Innsbrucks Altbürgermeisterin Zach ist tot
Die Innsbrucker Altbürgermeisterin Hilde Zach ist am Samstagabend nach langer Krankheit gestorben. Sie war von 2002 bis 2010 Bürgermeisterin von Innsbruck. Zach zog sich 2010 aus der Politik zurück. Sie wurde 68 Jahre alt.

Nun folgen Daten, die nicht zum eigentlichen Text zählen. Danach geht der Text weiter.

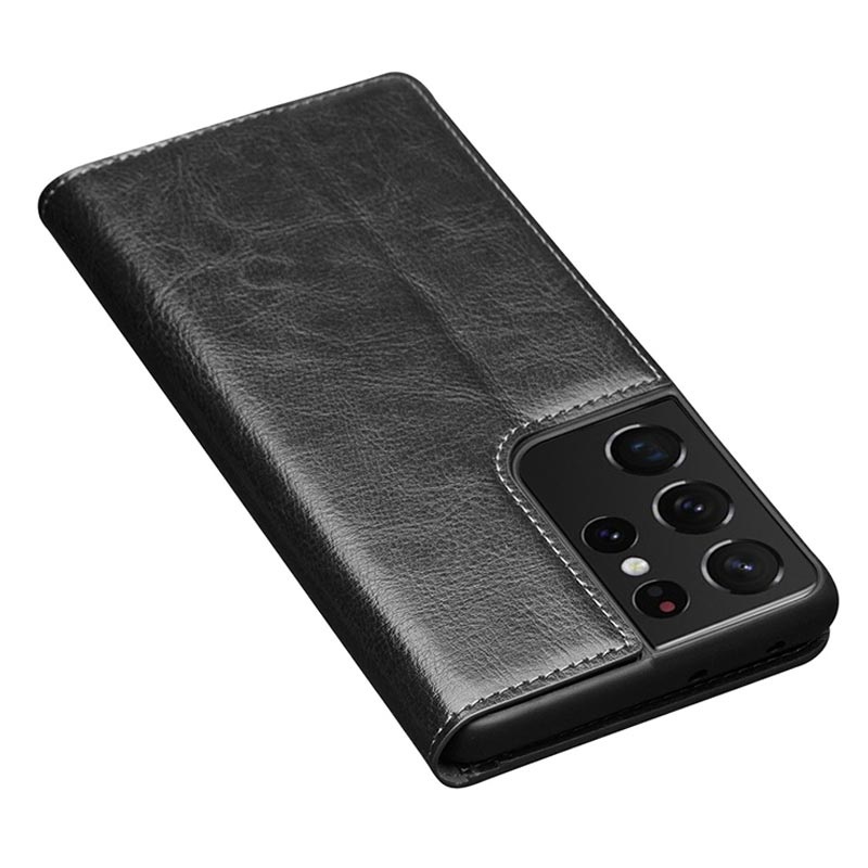 Qialino Classic Samsung Galaxy S21 Ultra 5G Lederhülle mit Geldbörse - Schwarz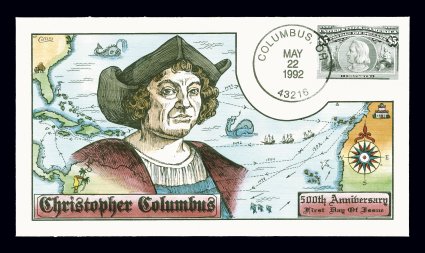 991 FDC 2624-29 #2624-29, 1c-$5.00 Columbians cplt., group of first day covers, includes complete sets of souvenir sheets on Anagram, Artmaster, Colorano Silk, Criscuoli, Pugh (handpainted), and S&T (both U.S. and Portugal) cachets, a set of singles with Artcraft cachets, set of singles on six Huehl handpainted FDC's, set of singles on six Ziola Powell handpainted, three David Dube handpainted cachets including two that join together to make a map of Columbus's voyage, set of singles on replica Goldsmith cards, the KMC Venture folder, and a few other items, very fine. Est. 500-750

Aufstieg an der Seite von Herwig van Staa
Hilde Zach war eine ehemalige Kleinunternehmerin aus der Innsbrucker Fleischerdynastie. Ihre politische Karriere begann vor fast 20 Jahren.
1991 wird die resolute Inhaberin einer Fleischhauerei Bezirksobfrau des Wirtschaftsbundes. Drei Jahre später ist sie zusammen mit Herwig van Staa Gründungsmitglied der politischen Gruppierung "Für Innsbruck", einer Abspaltungsliste von der damaligen ÖVP unter Romuald Niescher.
"Für Innsbruck" gewinnt 1994 die Wahl, Van Staa wird Bürgermeister und Hilde Zach übernimmt die Kulturagenden. Sechs Jahre später erringt die Liste die relative Mehrheit.
Seit der Gemeinderatswahl 2000 war sie 1. Bürgermeister-Stellvertreterin mit den Ressorts Kultur, Erziehung, Bildung und Gesellschaft, Frauen, Familien und Senioren, Kinder- und Jugendförderung.

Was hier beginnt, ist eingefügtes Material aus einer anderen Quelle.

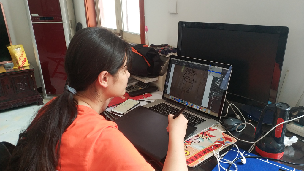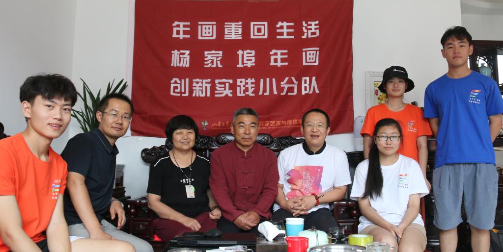 “杨家埠年画创新实践小分队”暑期社会实践,既是学校团委的整体部署,也是数字艺术与传媒学院“年画重回生活”课程群建设的组成部分。年画创新乏力是目前民间年画发展急需解决的问题。民间艺人多是传承了传统年画的刻版、印制技艺,创新能力普遍不足。针对这一问题,学校组织师生团队和民间艺人合作开发符合现代人审美趣味和现代生活方式的年画新样,通过年画进入课堂以及暑期社会实践的方式,既助农增收,也让年画重回人们生活。

Erste Frau an Spitze einer Landeshauptstadt
Als Herwig van Staa Wendelin Weingartner als Chef der Tiroler Landesregierung ablöste und Landeshauptmann wurde, wurde Hilde Zach 2002 Innsbrucker Bürgermeisterin. Hilde Zach - mittlerweile mit Beinamen "Wilde Hilde" - war damit die erste Frau an der Spitze einer Landeshauptstadt.

Von 2002 bis 2010 Bürgermeisterin
2006 musste sie mit ihrer ÖVP nahen Liste "Für Innsbruck" ein Minus von 9,5 Prozentpunkten hinnehmen, erreichte mit 26,8 Prozent der Stimmen aber dennoch die relative Mehrheit.
Am 8. März 2010 hat Zach das Bürgermeisteramt krankheitsbedingt an Vizbebürgermeisterin und politische Nachfolgerin Christine Oppitz-Plörer übergeben.

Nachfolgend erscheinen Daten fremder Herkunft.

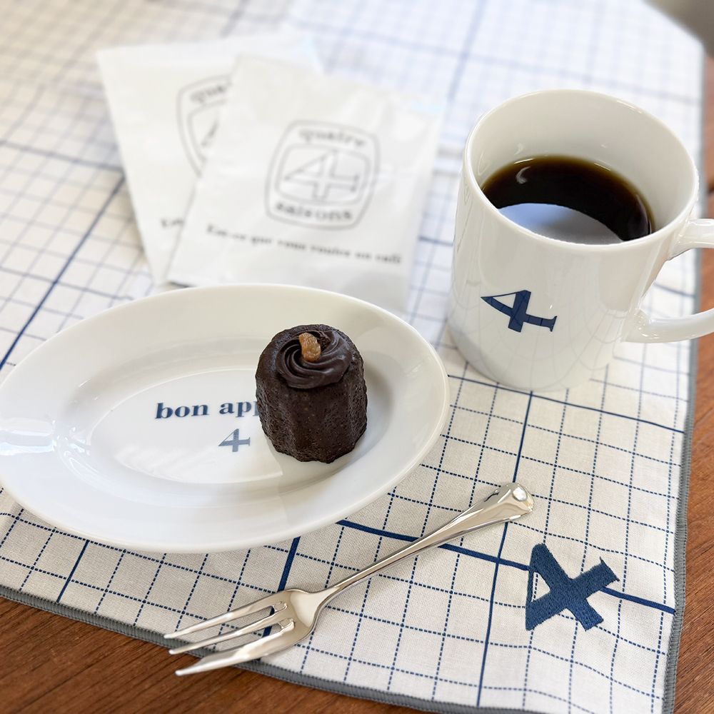 マグの持ち手部分に「quatre saisons」のロゴをつけ、裏面には「コーヒー一杯いかがですか?」のフランス語の遊び心をデザインしました。容量は300cc、たっぷりのコーヒーが入る大きさです。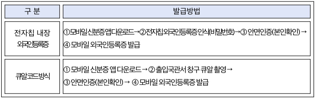 모바일 외국인등록증은 행정안전부에서 구축한 「국가 모바일신분증 통합플랫폼」의 ‘모바일신분증앱’을 본인 명의 스마트폰에 설치하여 발급받을 수 있으며 법무부는 모바일 외국인등록증 발급 편의를 위해 2025. 1.부터 개인식별번호(PIN)가 저장된 전자칩(IC) 내장 신형 외국인등록증을 발급하고 있습니다.

Kritik und Diskussionen über ihre Projekte
Herbe Kritik von den Stadtparteien musste die Bürgermeisterin einstecken, als sie im Alleingang 122 Millionen Euro von der BAWAG zur Raiffeisen-Gruppe transferieren lässt.
Für viel Diskussion sorgt auch ihr Vorzeigeprojekt, der Bau der Hungerburgbahn neu, von Gegnern auch als "Grottenbahn" beschimpft. Hilde Zach gilt aber auch als Förderin der bildenden Kunst und führt in der Stadt die Initiative "Innsbruck liest" ein.
Wirtschaftlich ebnet sie den Weg für den Bau des neuen Kaufhauses Tyrol in der Maria Theresien Straße, das im Zentrum der Tiroler Landeshauptstadt einen modernen städtebaulichen Akzent setzte.




Kämpfernatur Hilde Zach
Vor einigen Jahren erkrankte Hilde Zach an Brustkrebs. Es gelang ihr lange, gegen die Krankheit anzukämpfen, bis diese vor geraumer Zeit an einer anderen Stelle wieder ausbricht.
Hilde Zach, von Freund und Feind als Kämpfernatur bezeichnet, hat ihren Kampf gegen den Krebs verloren.